Bohemian immigrant brothers Ludwig Baumann and Albert Baumann opened a small New York City furniture store named Baumann Brothers in 1876. However, the partnership between Ludwig and Albert dissolved in 1888. Ludwig then opened his own furniture store under the name Ludwig Baumann & Company which quickly grew into one of the largest furniture providers in New York City specializing in quality and affordable home furniture.
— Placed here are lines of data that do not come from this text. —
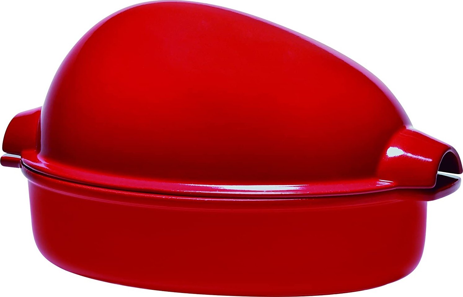 NEW larger size! The best way to cook poultry and roasted meat, while keeping your oven clean. Its unique shape diffuses the heat evenly, to get tender, moist flesh with a crispy skin. No need to baste the meat during cooking, the steam circulates naturally thanks to the lid. Place your chicken in the Roaster then add chopped vegetables or potatoes around the sides: the meat will be moist and the vegetables succulent!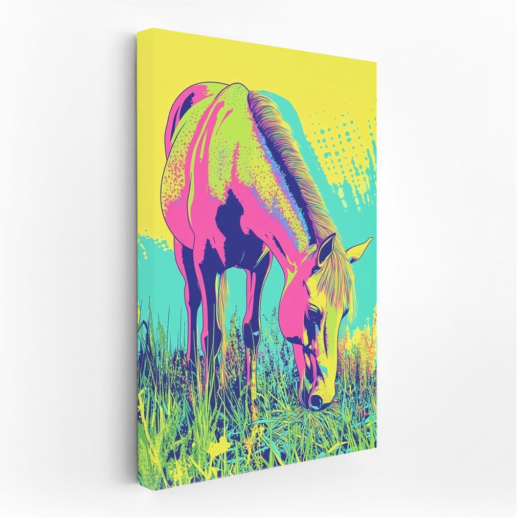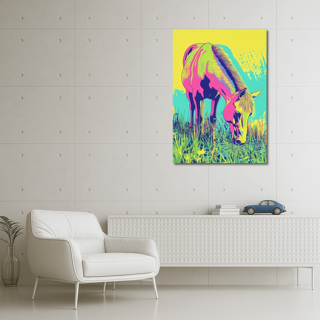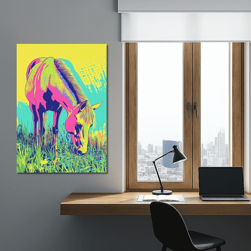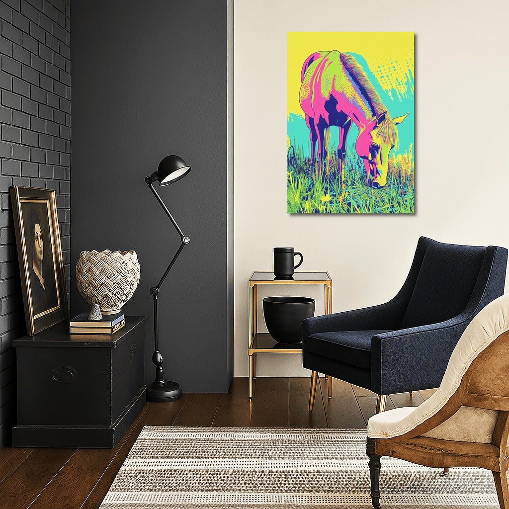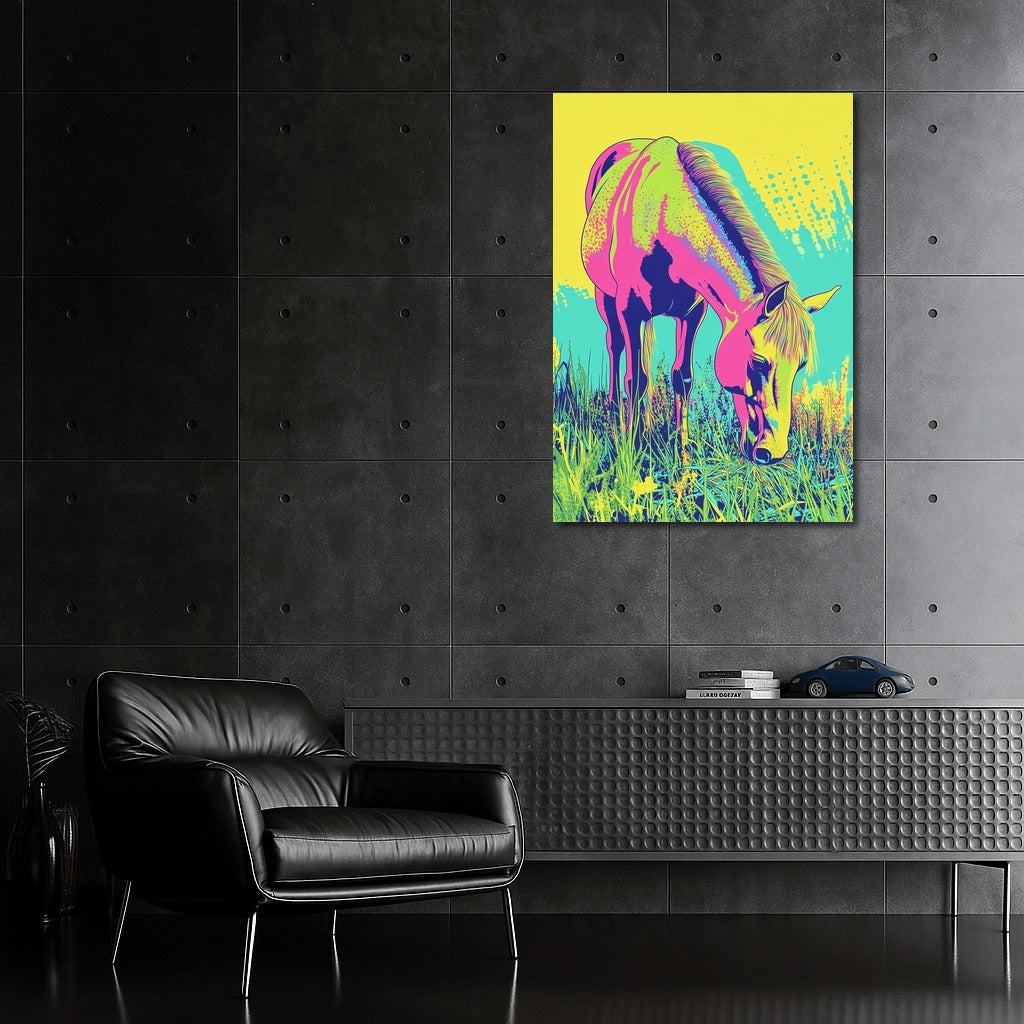Immerse yourself in a world of vibrant colors and nature with this modern horse painting. The poster will bring life to any space with unique art! See more from the collection: Animals Art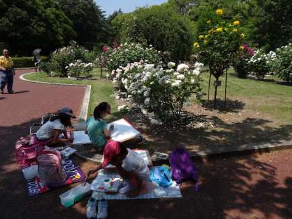 学校を出て,屋外で絵の具を使うとチューブ式のものは乾燥しやすいし,いい天気だと大変だなと思いました。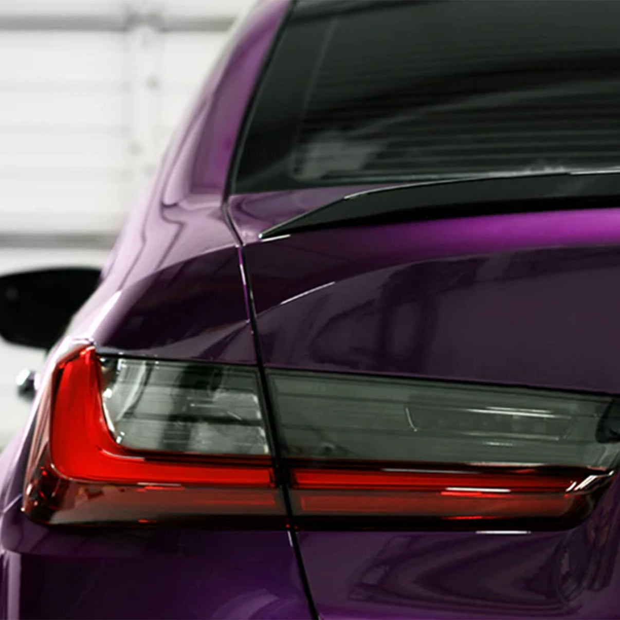 The Goldenwrench Supply BMW M3 & 3 Series Pre-LCI (G80/G20) BLACKLINE Taillight Overlay Kit fits most 2021+ BMW 3 Series Pre LCI model cars including the M3 and M3 Competition giving your vehicle that stylish modern look for years to last. This will fit base 3 series cars (e.g. 318i, 320i, 320e, M340i, M3, and M3 Competition vehicles and more). The film is coloured in medium smoked colour to mimic the design queues seen across modern BMWs. Please note that this Overlay Kit only covers the reverse signal indicator areas and does not cover the entire taillight.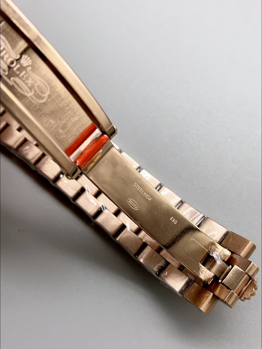 18K Rose Gold Plating on 904L Stainless Steel with Folding Clasp, End links match up Flush with the Case. – A Much Improved Datejust Strap Version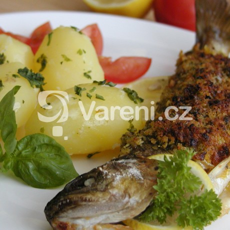 Pstruh s česnekem a bylinkovou krustou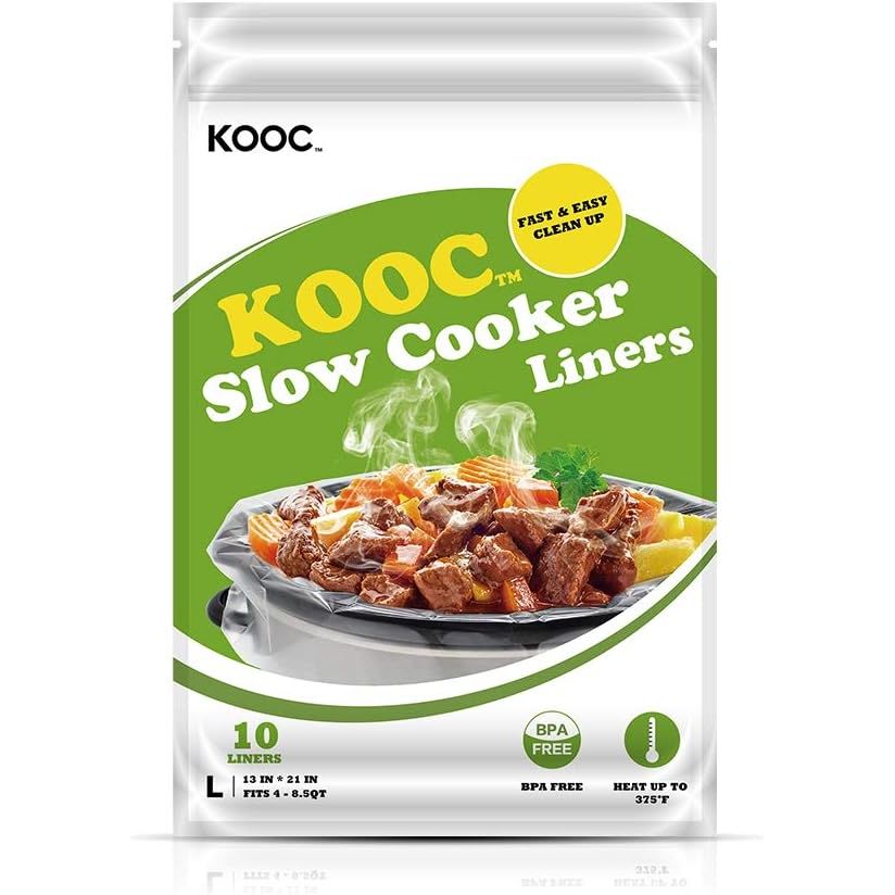 Discover the KOOC Slow Cooker Liners, your go-to solution for stress-free cooking. This pack includes 10 large-sized liners, designed to fit 4 to 8.5-quart slow cookers, making meal prep a breeze. These liners are heat resistant up to 375℉, ensuring safety in the kitchen with their non-ignitable and BPA-free material that keeps your food tasting delicious and nutritious.

In 1897, Ludwig Baumann & Co. opened its flagship store on West 35th Street & 8th Avenue which was the largest New York retail furniture store at that time. Construction of the 8th Avenue store was completed by architect Albert Wagner at a cost of around $175,000, the equivalent of about $6,200,000 in 2023. After Ludwig's death in 1904, the company passed to his son Sidney J. Baumann. During this time, Ludwig Baumann & Co. opened outlets across the New York City area earning the reputation of "America's Greatest Furniture House." Following the death of Sidney in 1936, the company passed to his son Walter S. Baumann. Ludwig Baumann & Co. continued to expand by opening additional outlets across the country and selling new goods such as men's and women's apparel. The company also continued to boast record sales with over $15,000,000 in 1947, the equivalent of over $200,400,000 in 2023. Ludwig Baumann & Co. was ultimately purchased by Spear & Co. in 1952 creating the largest furniture provider in the United States at that date. Spear & Co. closed Ludwig Baumann's flagship 8th Avenue store in 1954 before selling off other Ludwig Baumann stores shortly thereafter.

== Notable Innovations ==
Ludwig Baumann & Co. pioneered the instalment payment method for retail purchases. The company's "liberal credit system" extended a line of credit to consumers who previously could not afford retail furniture and then had them pay off the credit in small weekly payments. The New York Tribune estimated that as of 1897 there were at least 100,000 Ludwig Baumann & Co. credit customers. The instalment payment method was credited for the early success of the company. Ludwig Baumann & Co. was also a first to utilize mail order which revolutionized retail sales.